- From: Philipp Hancke <fippo@goodadvice.pages.de>
- Date: Fri, 17 Mar 2017 16:54:15 +0100
- To: public-webrtc@w3.org
>> All of these use cryptography in Javascript to validate the identity >> of a webRTC caller and detect MiTM. >> The limitation is that to work both parties need to be loading the >> same javascript, probably from the same site. > > Yes, and the DTLS-SRTP mechanism already provides pretty good protection > from arbitrary-party interception of media (since the SDP contains > fingerprints already). But the issue here is undetected interception of > the media by the service itself. Your solution amounts to letting the > foxes guard the henhouse, which isn't a useful proposal.
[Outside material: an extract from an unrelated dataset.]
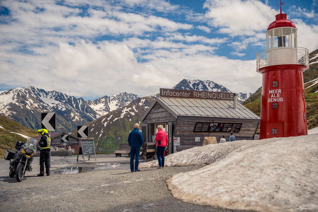 Der für mich eindrücklichste Moment im Aufstieg war sicherlich die «Zielgerade» vor der Passhöhe, als der Leuchtturm (das Wahrzeichen vom Oberalppass, das den Ursprung des Rheins symbolisieren soll) erstmals in Sicht kam. Ein etwas skurriles Gefühl, das rote pulsierende Leuchtfeuer vom Turm auf einem Alpenpass als Fixpunkt auf dem letzten Kilometer im Blick zu haben und nicht auf dem Meer bei der Einfahrt in einen Hafen.

We need > independent validation of identity You are not talking about the service doing an active MITM in the signaling but about the service using javascript APIs like webaudio and captureStream which hook in after the media is decrypted at the client? Neither of these APIs is mentioned in the current spec. Those attacks are detectable in the JS downloaded by the client. If anyone bothers to check the source code... > and stream isolation (that is: > isolation of the stream contents from access by JavaScript) for this to > be anything like trustworthy. I suspect the stream isolation aspect of the identity mechanism is the most important one but I haven't read a good explanation. Can you point me to one? The spec is a spec and geared towards implementors.